Marco Rossi

Personal information
- Date of birth: 30 September 1987 (age 38)
- Place of birth: Parma, Italy
- Height: 1.88 m (6 ft 2 in)
- Position: Centre back

Team information
- Current team: Akragas

Youth career
- Parma

Senior career*
- Years: Team / Apps / (Gls)
- 2005–2011: Parma / 49 / (2)
- 2007: → Modena (loan) / 18 / (0)
- 2009–2010: → Sampdoria (loan) / 20 / (1)
- 2010–2011: → Bari (loan) / 30 / (0)
- 2011–2012: Cesena / 21 / (0)
- 2014–2016: Perugia / 36 / (0)
- 2015: → Varese (loan) / 13 / (0)
- 2016–2018: Wellington Phoenix / 39 / (0)
- 2018–2019: Robur Siena / 27 / (1)
- 2019–2021: Reggina / 35 / (0)
- 2021–2022: Seregno / 27 / (1)
- 2022–2023: Brindisi / 2 / (0)
- 2023–: Akragas / 0 / (0)

International career
- 2004–2005: Italy U17 / 4 / (0)
- 2005–2006: Italy U19 / 8 / (0)
- 2005–2007: Italy U20 / 3 / (0)
- 2007: Italy U21 / 3 / (0)

= Marco Rossi (footballer, born 1987) =

Italian footballer

Marco Rossi (/it/; born 30 September 1987) is an Italian footballer who plays as a defender for Serie D club Akragas.

==Club career==
In July 2009, Parma exchanged Rossi with Antonio Mirante of Sampdoria, signing a season-long loan. On 24 June 2011, he was signed by Cesena in a co-ownership deal for €2 million after he spent a year with Bari. After the deal, Alberto Galuppo returned to Parma in July 2011 for €1 million.

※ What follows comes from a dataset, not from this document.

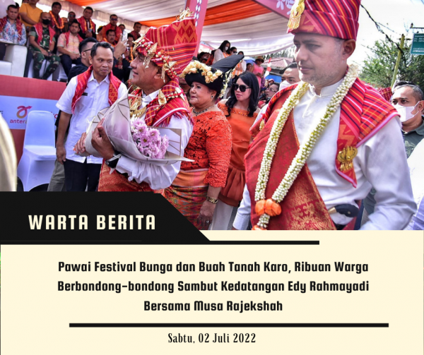 wartaberita.co.id – KARO | Gubernur Sumatera Utara (Sumut) Edy Rahmayadi disambut ribuan masyarakat yang sudah menunggunya pada pawai Festival Bunga dan Buah Tanah Karo 2022. Sepanjang jalan di Berastagi dipenuhi masyarakat yang antusias dengan festival dan kedatangan Gubernur Edy Rahmayadi.

In June 2012 the co-ownership was renewed. However, due to Rossi's involvement in the 2011 Italian football scandal, Parma gave up the remaining 50% registration rights for free. Rossi was banned for one year and eight months, thus Cesena terminated his contract.

On 31 March 2014, Rossi was signed by Perugia. In January 2015, he was signed by Varese in a temporary deal.

On 9 August 2016, it was announced that Rossi signed for the A-League club Wellington Phoenix. After playing for the Phoenix for two seasons for 38 games including 37 starts, Rossi left the club at the end of his contract.

In July 2018, Rossi moved to Robur Siena in Serie C.

On 16 July 2019, he signed with Reggina.

ON 31 August 2021, he was transferred to Seregno.